Angela Hart, KFF Health News on

Published in Health & Fitness

BIRNAMWOOD, Wis. — The land of fried cheese curds and the Green Bay Packers is among a half-dozen battleground states that could determine the outcome of the expected November rematch between President Joe Biden and former President Donald Trump — a contest in which the cost and availability of health care are emerging as defining issues.

At church picnics and summertime polka festivals that draw voters of all political stripes, Wisconsinites said they’re struggling to pay for even the most basic health care, from common blood tests to insulin prescriptions.

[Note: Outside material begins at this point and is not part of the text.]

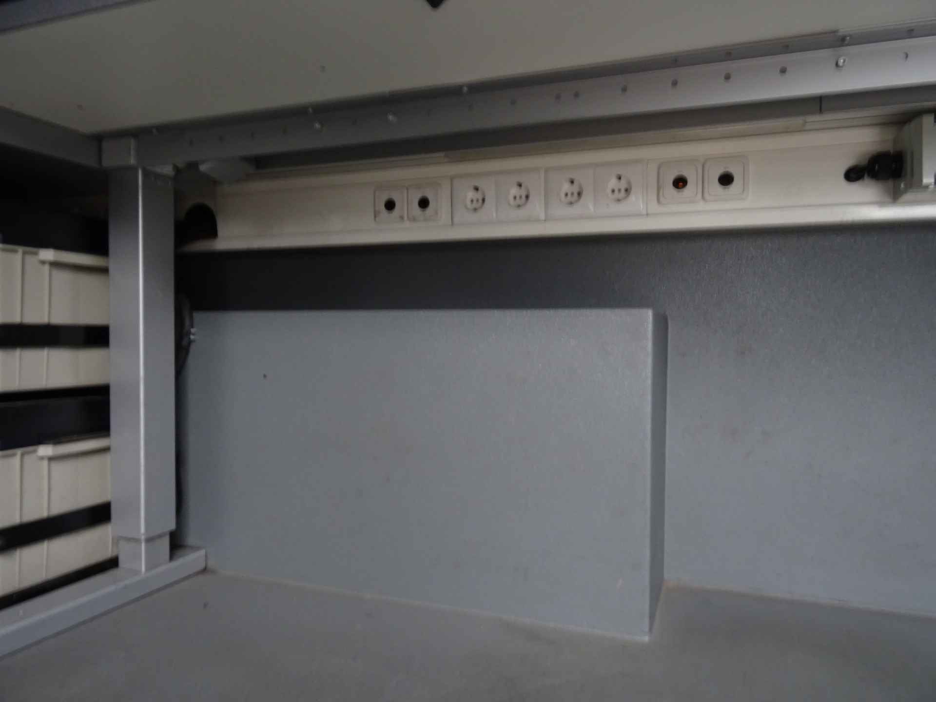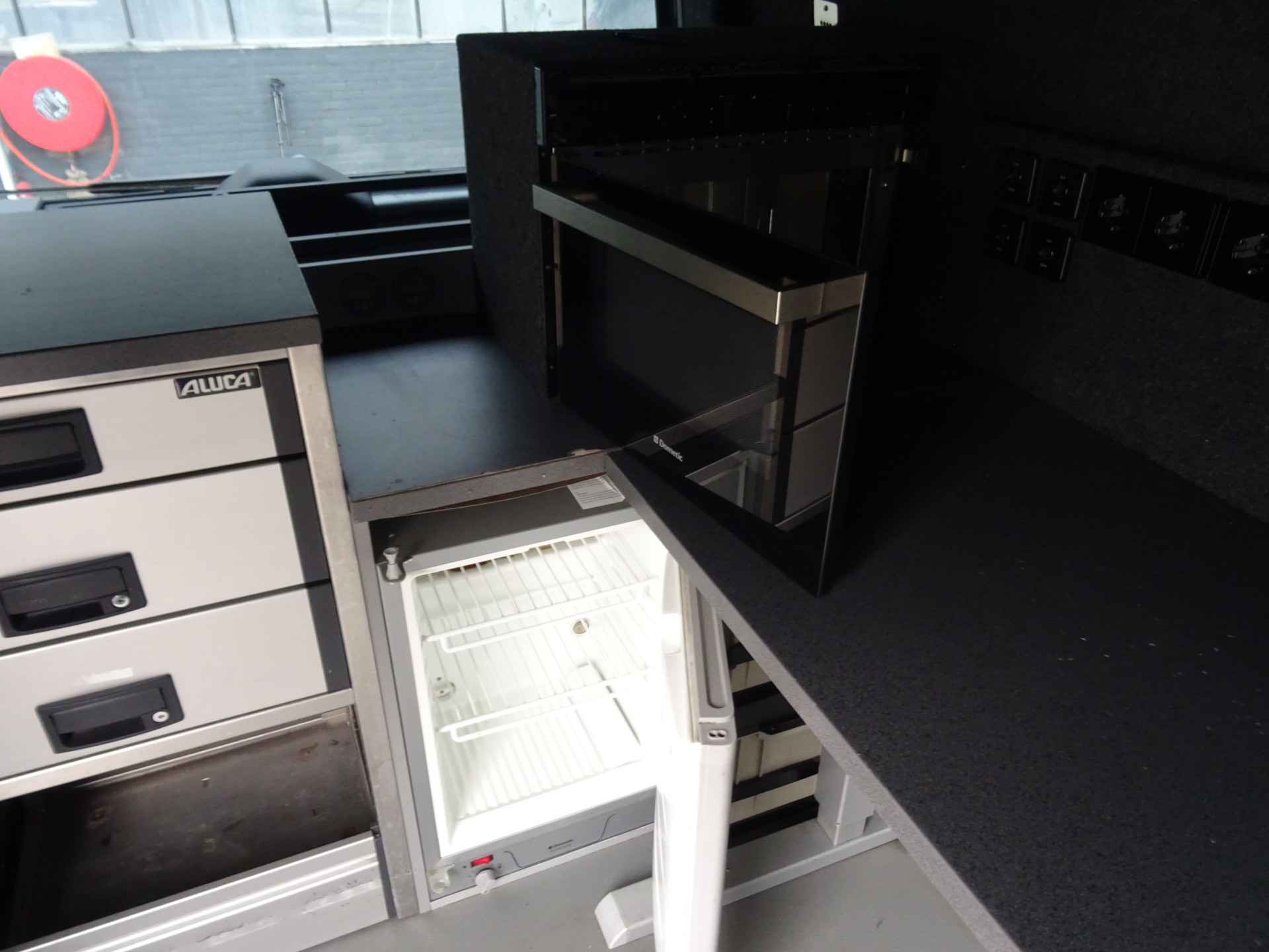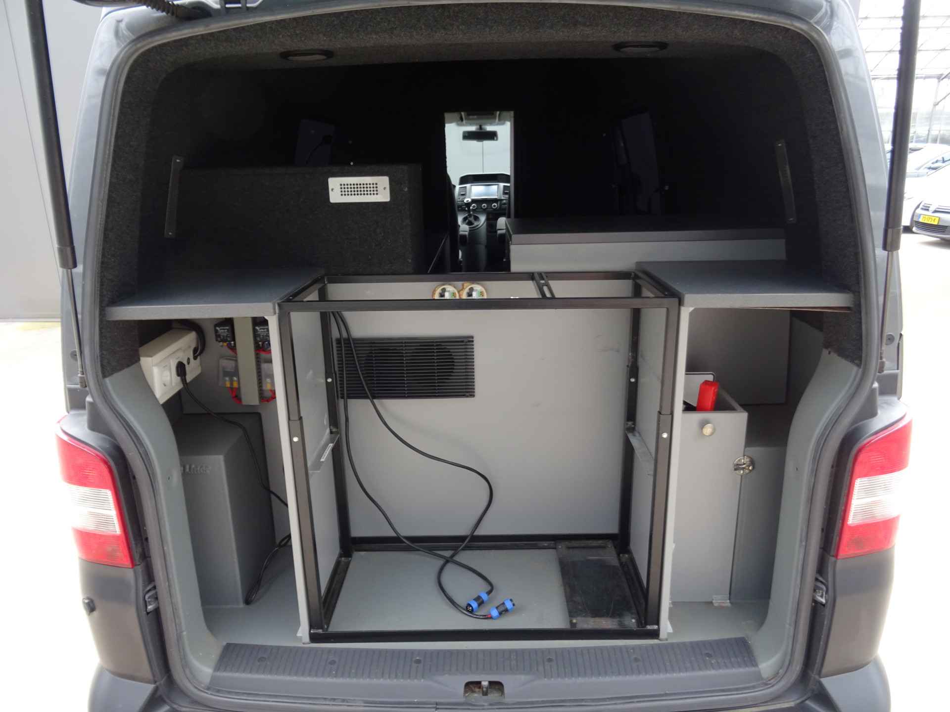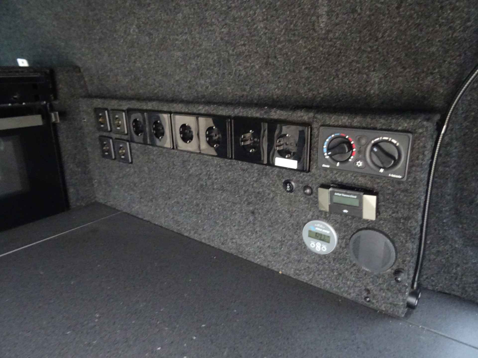 Laadruimte voorzien van eigenstroom voorziening dmv MWS functie, oventje, koelkast . Van cabine naar laadruim gaat via afsluitbare schuifdeur.
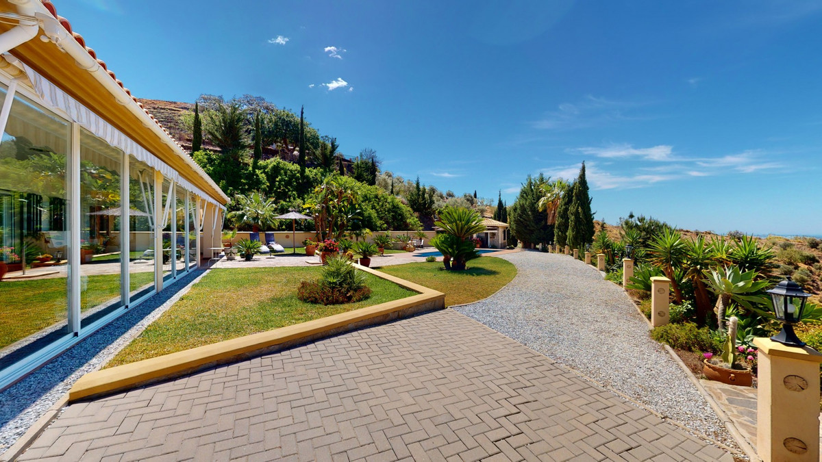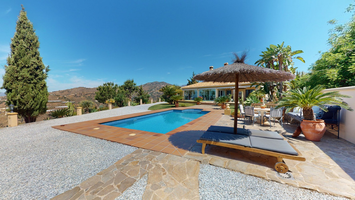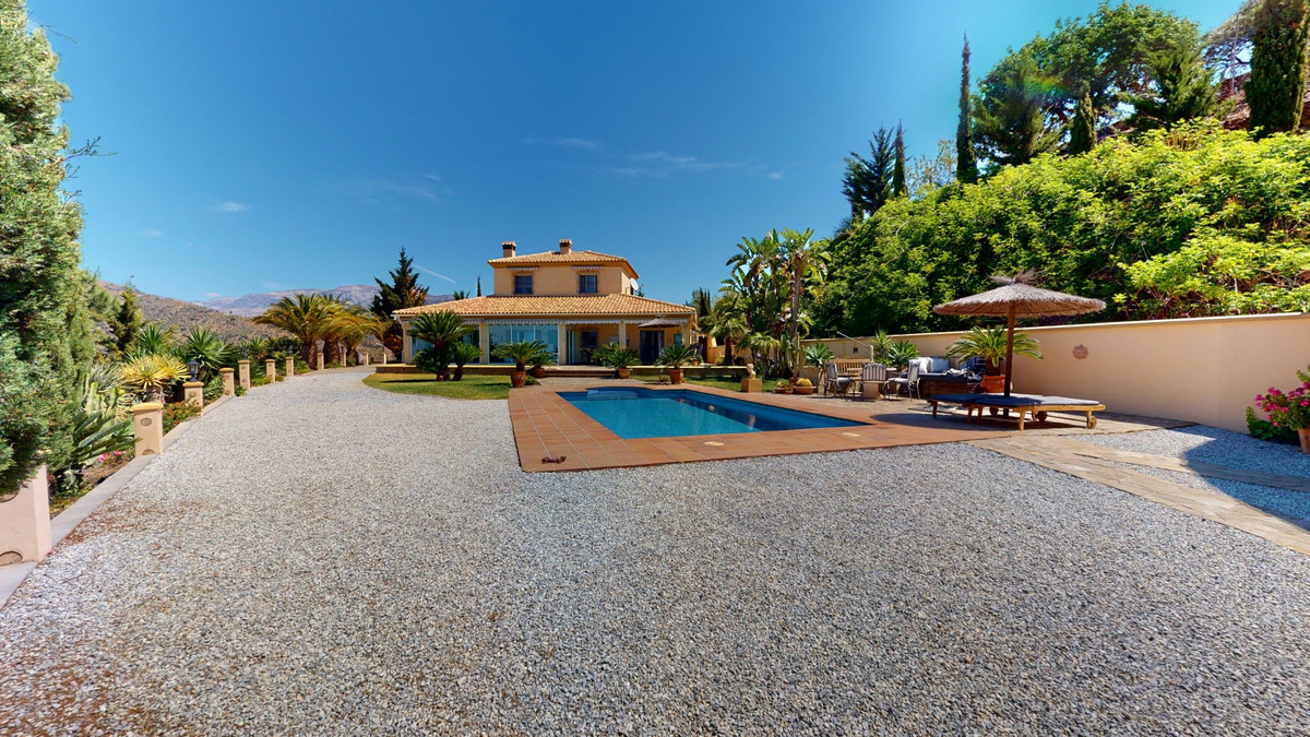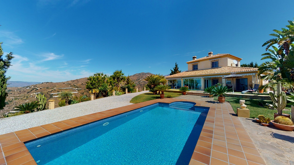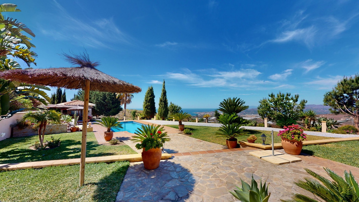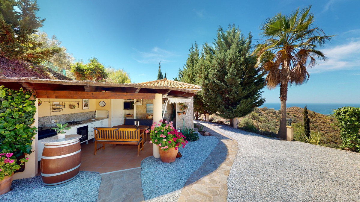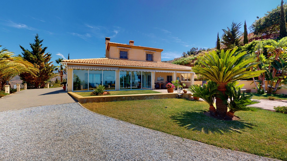 Het perfecte uitzicht gecombineerd met de perfecte zuidwestelijke oriëntatie, samen geven ze de ultieme kans op absoluut geluk. Een villa die niets te wensen overlaat, gebouwd volgens een zeer hoge standaard met een onvergelijkbaar mooie tuin met spa, sauna en zwembad, een luxe buitenkeuken met geïntegreerde eethoek. Dit alles en meer biedt deze unieke villa, gelegen tussen Algarrobo en Sayalonga. Door de gunstige ligging heeft u naast absolute privacy ook een romantisch uitzicht op de ondergaande zon - deels over de Middellandse Zee en soms - afhankelijk van het seizoen - over het fantastische berglandschap van Málaga. Via een geasfalteerde, met pijnbomen omzoomde privé-toegangsweg bereikt u de imposante entree van het pand, waar zich een palmeneiland bevindt te midden van rondel. Er zijn diverse parkeerplaatsen en een garage plus een grote carport. Op de eerste verdieping van de villa bevinden zich de woonkamer met aparte open haard, een gastentoilet en wasruimte, een moderne keuken met toegang tot de zeer ruime serre, waar het aan niets ontbreekt. Verder bevindt zich op de eerste verdieping een zeer mooie slaapkamer met een badkamer en suite. Op de bovenverdieping van de villa bevindt zich de hoofdslaapkamer met een ruime en-suite badkamer en een aangrenzende kleedkamer. De woning is voorzien van centrale verwarming, airconditioning en een open haard. Op het perceel staan diverse fruitbomen, palmbomen, tropische planten en pijnbomen. Het strand en de zee liggen op 15 minuten afstand, evenals de golfbaan en jachthaven van Caleta - en de luchthaven van Malaga is in slechts 40 minuten te bereiken. We zijn verheugd u binnenkort deze droomwoning te kunnen presenteren, persoonlijk of via een virtuele bezichtiging. Want deze wereld is uniek - net als onze Axarquía. In Andalusië. Aan de Costa del Sol. Hier, aan de zonnige kant van het leven...

A proposal by Wisconsin’s Democratic governor to expand the state’s Medicaid program to thousands of low-income residents has become a partisan lightning rod in the affordability debate: Democrats want it; Republicans don’t.

In 2020, voters here gave Biden, a Democrat, a narrow win after favoring Trump, a Republican, in 2016. Recent polling indicates that the two rivals were neck and neck in this year’s race.

Many Wisconsin voters still can’t figure out whom to vote for — or whether to vote at all.

“I know he’s trying to improve health care and inflation, but I’m not happy with Biden,” said Bob Prelipp, 79, a Republican who lives in Birnamwood, a village of about 700 people in rural central Wisconsin. He reluctantly voted for Biden in 2020, after voting for Trump in 2016.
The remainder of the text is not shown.